DIRECTIONS FOR THIS TASK: Return each record verbatim, images excluded.

= = = = = = =

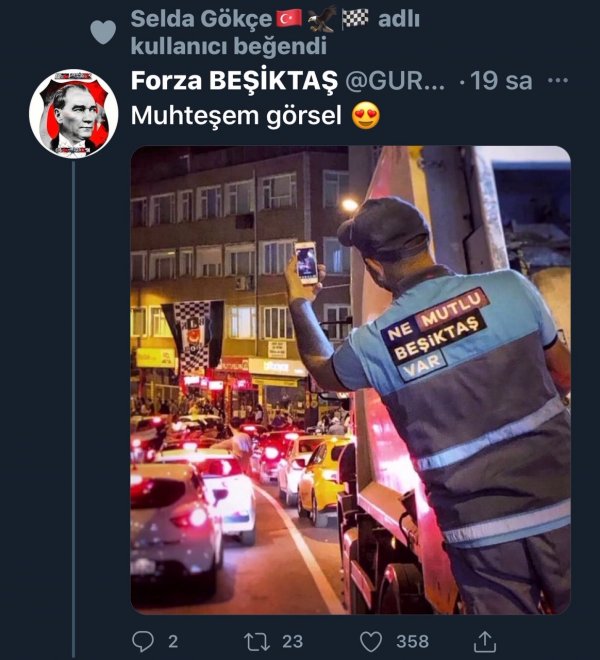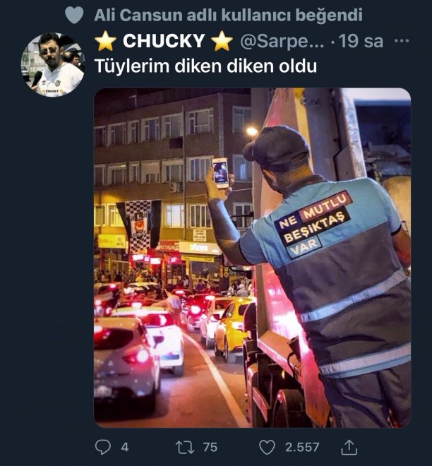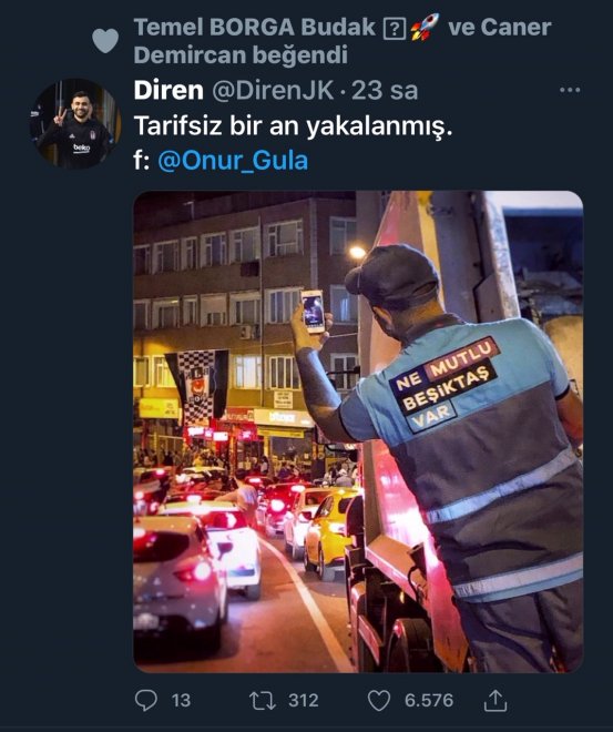 'Abi o gece görevdeydik. Çöpleri topluyorduk. İsmetiye caddesindeydik. Trafik tıkandı kutlamalar başladı. Kornalar çalıyor, Beşiktaş bayrakları sallanıyordu. Çöp aracının arkasındaydım. Telefonumu çıkardım video çekmeye başladım. O arada arkadan bir arkadaş beni çekmiş. Sonra sosyal medyada gördük. Çok kişi konuşmaya başladı. Şaşırdık. Arkadaşlarım eşim dostum akrabalar arıyor'
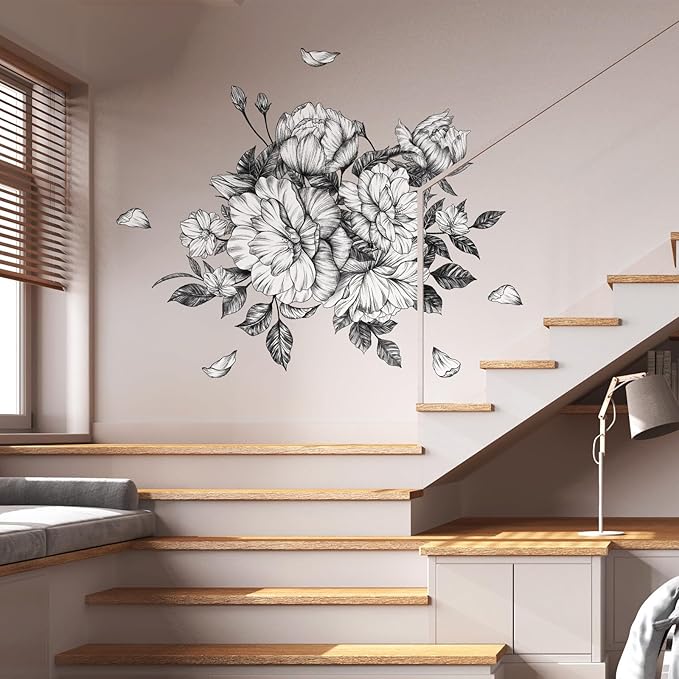 - Package Included: Black and white peony flower wall decals have 4pcs 50 x 40 cm/19.69 x 15.75 inches decals, sufficient quantity for daily decoration
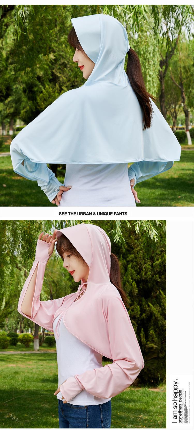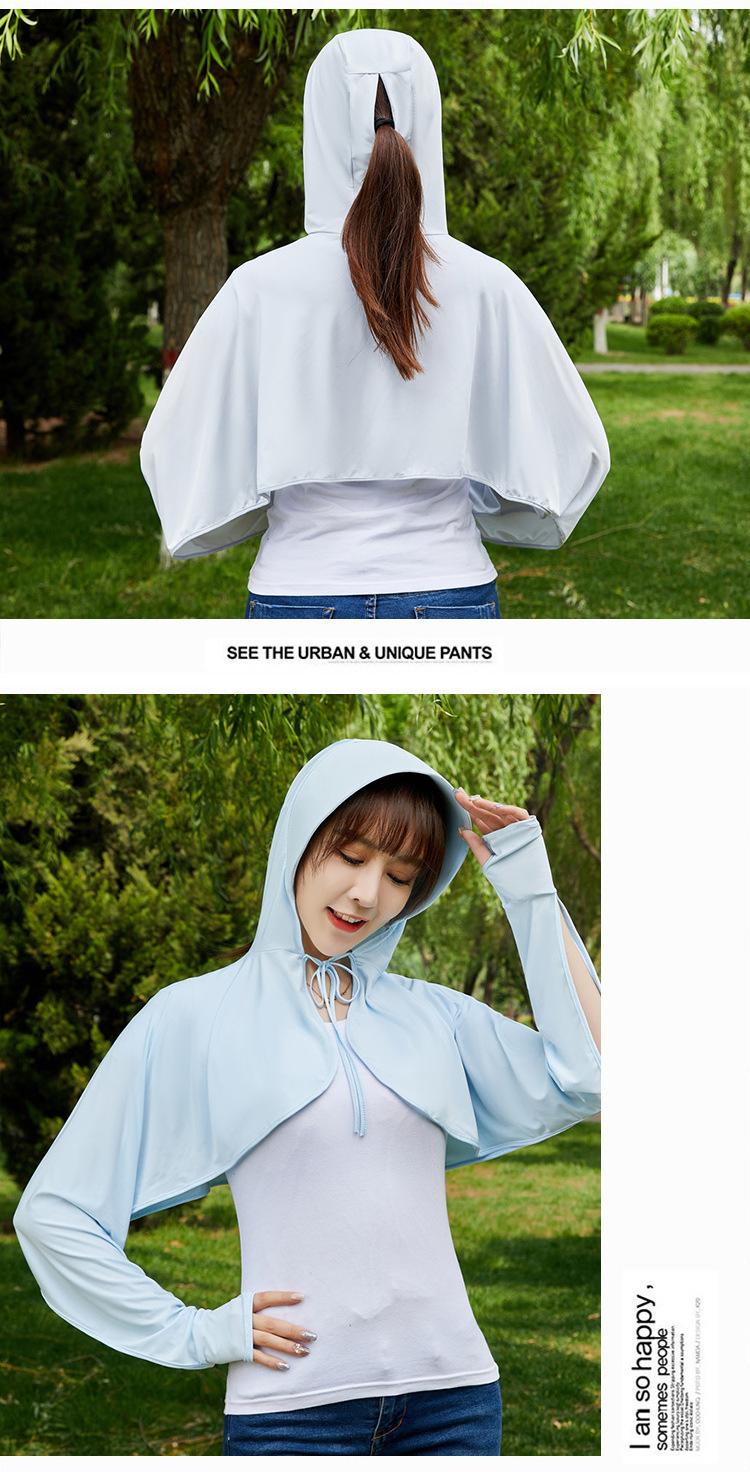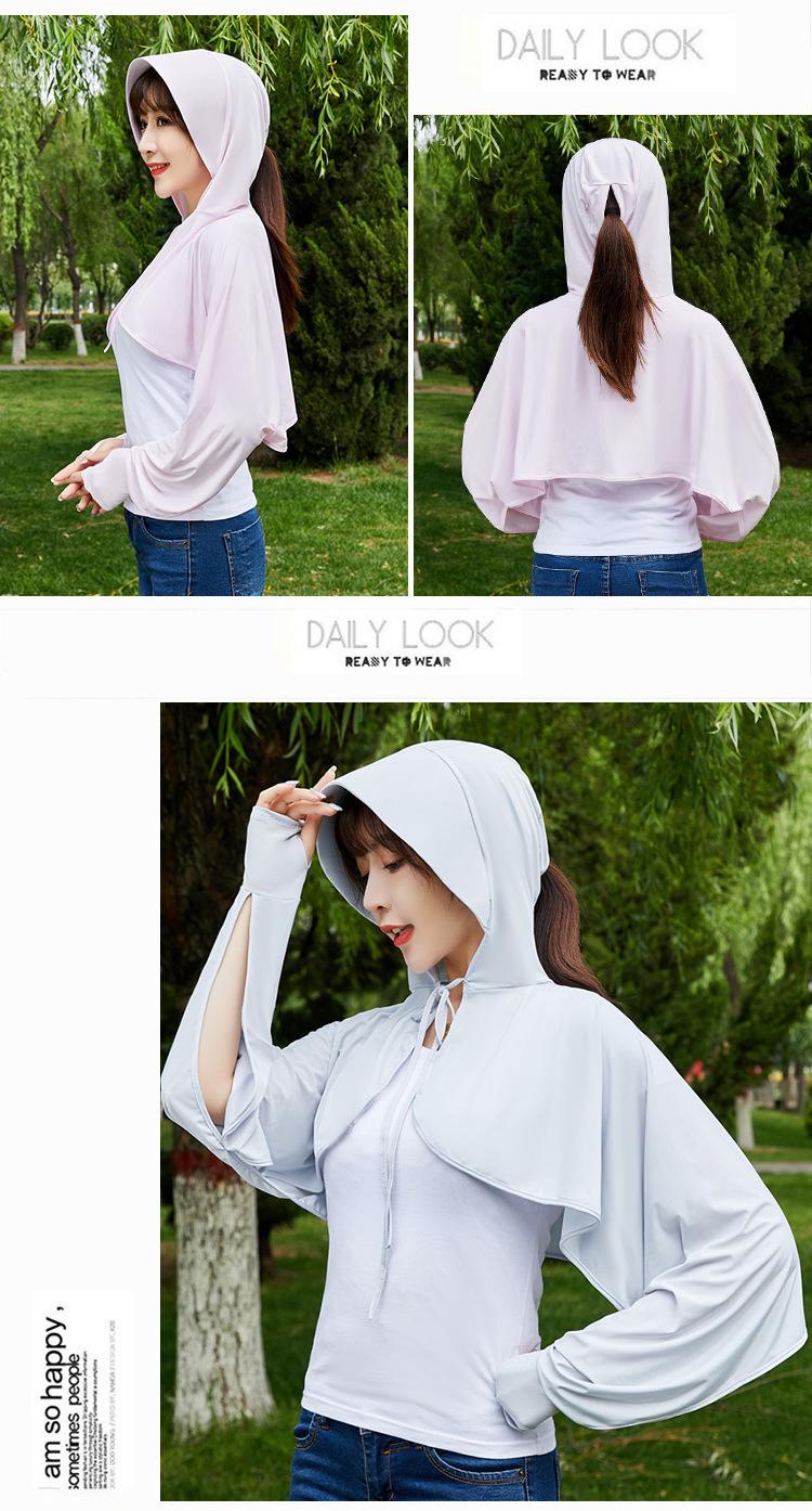 Ropa de Protección Solar de Seda de Hielo de Verano para Mujer, Anti-UV, Ropa de Protección Solar Fina Transpirable de Manga Larga con Capucha con Sensación de Hielo, Ropa de Protección Solar para Exterior
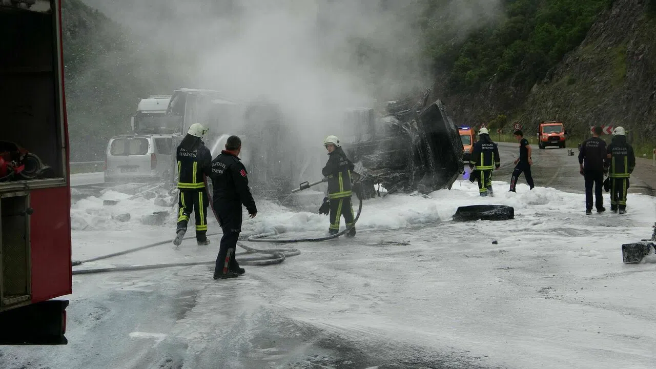 Facianın eşiğinden dönülen kaza Antalya Burdur karayolu Çubukbeli mevkiinde bu sabah saatlerinde yaşandı. Edinilen bilgiye göre Nihat Duman idarsindeki 34 ZJ 2517 plakalı boya ve tiner yüklü TIR'ın freni patladı.TIR'ı kontrol edemeyen sürücü, aynı yönde seyreden Mehmet Badır idaresindeki 07 YBA 51 plakalı kamyonete arkadan çarptı. Çarpmanın ardından yan yatan TIR'da başlayan yangın 14 ton boya ve tinerlerin alev almasıyla birlikte alev topuna döndü. Kazada TIR sürücüsü Nihat Duman ile kamyonette bulunun sürücü Mehmet Batır ile yolcular Haşim Şen ve Beşir yıldız kazayı hafif yaralı olarak atlatırken ihbar üzerine bölgeye çok sayıda sağlık ve itfaiye ekibi sevk edildi. Antalya Büyükşehir Belediyesi İtfaiyesi ekiplerinin köpükle yaptığı müdahale ile yaklaşık bir saatte söndürülen yangın sebebiyle Antalya Burdur karayolunda trafik kilitlendi. Siyah dumanların gökyüzünü kapladığı olayda itfaiye ekipleri soğutma çalışması yaptıktan sonra yol trafiğe yeniden açıldı.
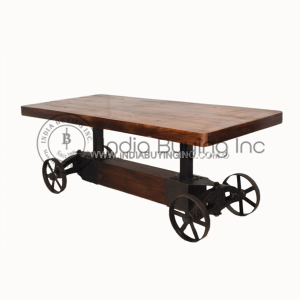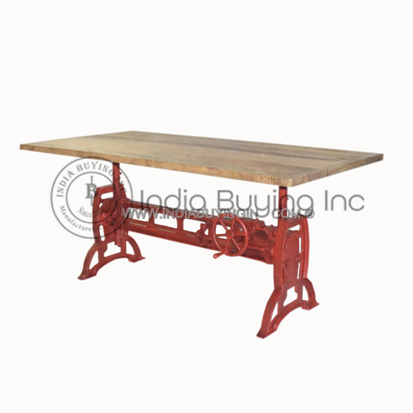 Table de salle à manger en bois de manguier avec mécanisme à manivelle en fonte
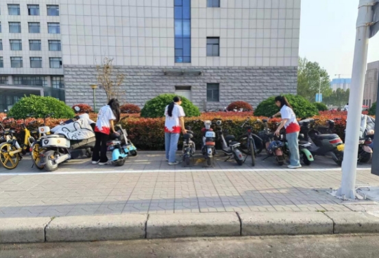 在此期间,学生党员主动组织学习小组,帮助同学们攻克学习难题,提高学习成绩;积极关注同学们的生活需求,为有困难的同学提供帮助。她们还带头参与校园环境整治,分批次在创新楼及周边,包括临近环路,引导师生走人行道,劝阻校园吸烟、乱扔垃圾、车辆乱停摆放、大声喧哗等不文明行为。课间,她们整齐有序地摆放乱停放的共享单车,捡拾树叶、纸屑等垃圾,引导同学们有秩序地上下电梯,不拥挤、不推搡,展现出高度的热情和责任心。
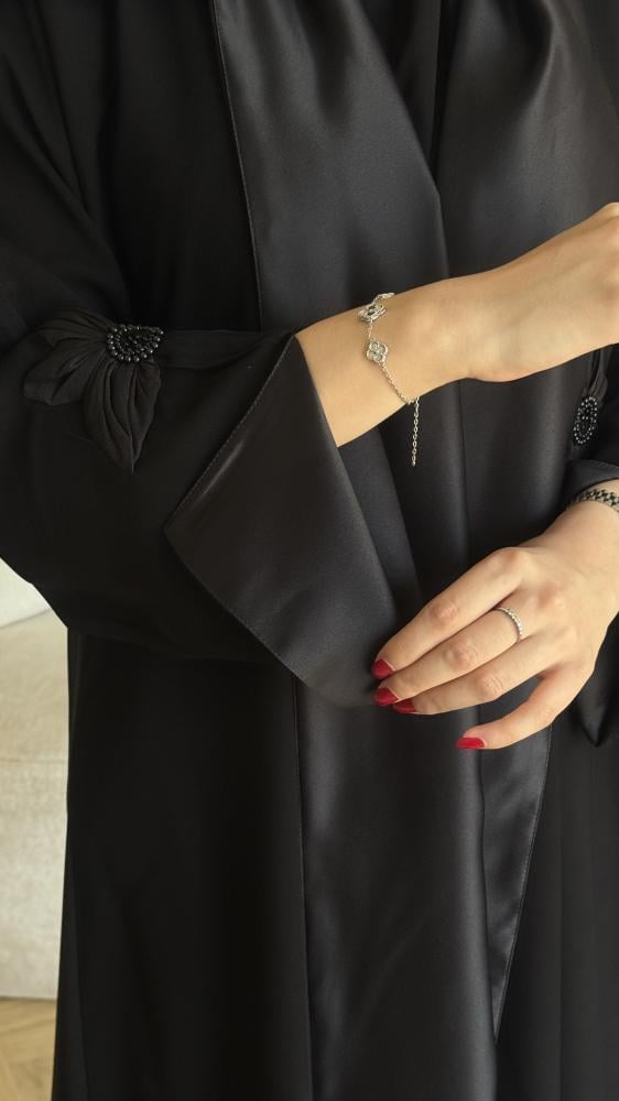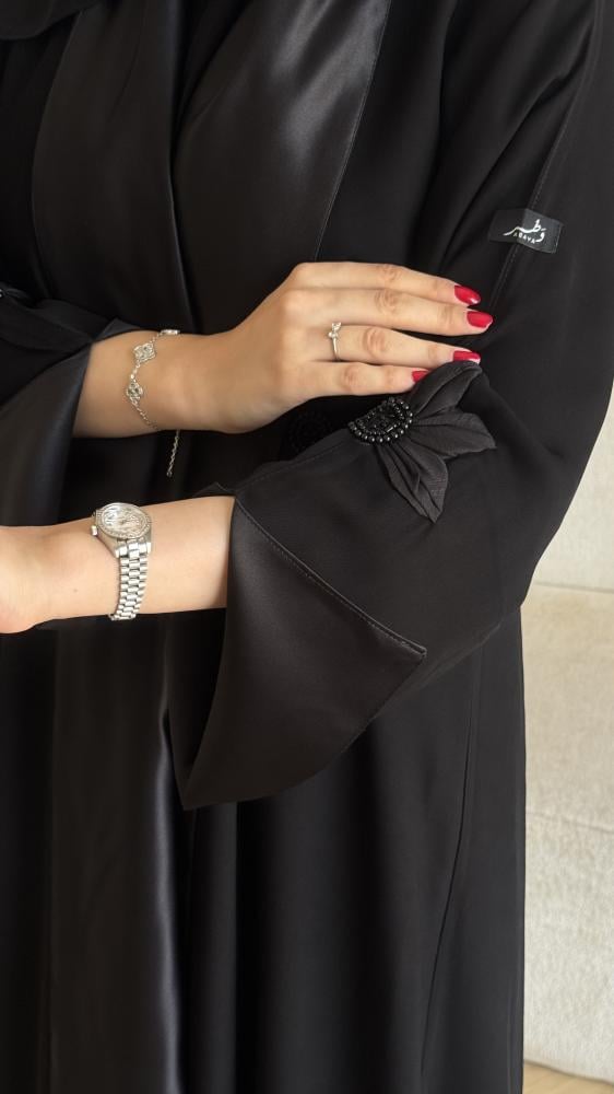 تزيين العباية جاء بتفاصيل ورد ناعم على الأكمام وأسفلها مع خرز أسود أنيق، ليضيف لمسة رقي تليق بذوقك العصري.

= = = = = = =

OUTPUT FOR THIS EXERCISE:
 'Abi o gece görevdeydik. Çöpleri topluyorduk. İsmetiye caddesindeydik. Trafik tıkandı kutlamalar başladı. Kornalar çalıyor, Beşiktaş bayrakları sallanıyordu. Çöp aracının arkasındaydım. Telefonumu çıkardım video çekmeye başladım. O arada arkadan bir arkadaş beni çekmiş. Sonra sosyal medyada gördük. Çok kişi konuşmaya başladı. Şaşırdık. Arkadaşlarım eşim dostum akrabalar arıyor'
 - Package Included: Black and white peony flower wall decals have 4pcs 50 x 40 cm/19.69 x 15.75 inches decals, sufficient quantity for daily decoration
 Ropa de Protección Solar de Seda de Hielo de Verano para Mujer, Anti-UV, Ropa de Protección Solar Fina Transpirable de Manga Larga con Capucha con Sensación de Hielo, Ropa de Protección Solar para Exterior
 Facianın eşiğinden dönülen kaza Antalya Burdur karayolu Çubukbeli mevkiinde bu sabah saatlerinde yaşandı. Edinilen bilgiye göre Nihat Duman idarsindeki 34 ZJ 2517 plakalı boya ve tiner yüklü TIR'ın freni patladı.TIR'ı kontrol edemeyen sürücü, aynı yönde seyreden Mehmet Badır idaresindeki 07 YBA 51 plakalı kamyonete arkadan çarptı. Çarpmanın ardından yan yatan TIR'da başlayan yangın 14 ton boya ve tinerlerin alev almasıyla birlikte alev topuna döndü. Kazada TIR sürücüsü Nihat Duman ile kamyonette bulunun sürücü Mehmet Batır ile yolcular Haşim Şen ve Beşir yıldız kazayı hafif yaralı olarak atlatırken ihbar üzerine bölgeye çok sayıda sağlık ve itfaiye ekibi sevk edildi. Antalya Büyükşehir Belediyesi İtfaiyesi ekiplerinin köpükle yaptığı müdahale ile yaklaşık bir saatte söndürülen yangın sebebiyle Antalya Burdur karayolunda trafik kilitlendi. Siyah dumanların gökyüzünü kapladığı olayda itfaiye ekipleri soğutma çalışması yaptıktan sonra yol trafiğe yeniden açıldı.
 Table de salle à manger en bois de manguier avec mécanisme à manivelle en fonte
 在此期间,学生党员主动组织学习小组,帮助同学们攻克学习难题,提高学习成绩;积极关注同学们的生活需求,为有困难的同学提供帮助。她们还带头参与校园环境整治,分批次在创新楼及周边,包括临近环路,引导师生走人行道,劝阻校园吸烟、乱扔垃圾、车辆乱停摆放、大声喧哗等不文明行为。课间,她们整齐有序地摆放乱停放的共享单车,捡拾树叶、纸屑等垃圾,引导同学们有秩序地上下电梯,不拥挤、不推搡,展现出高度的热情和责任心。
 تزيين العباية جاء بتفاصيل ورد ناعم على الأكمام وأسفلها مع خرز أسود أنيق، ليضيف لمسة رقي تليق بذوقك العصري.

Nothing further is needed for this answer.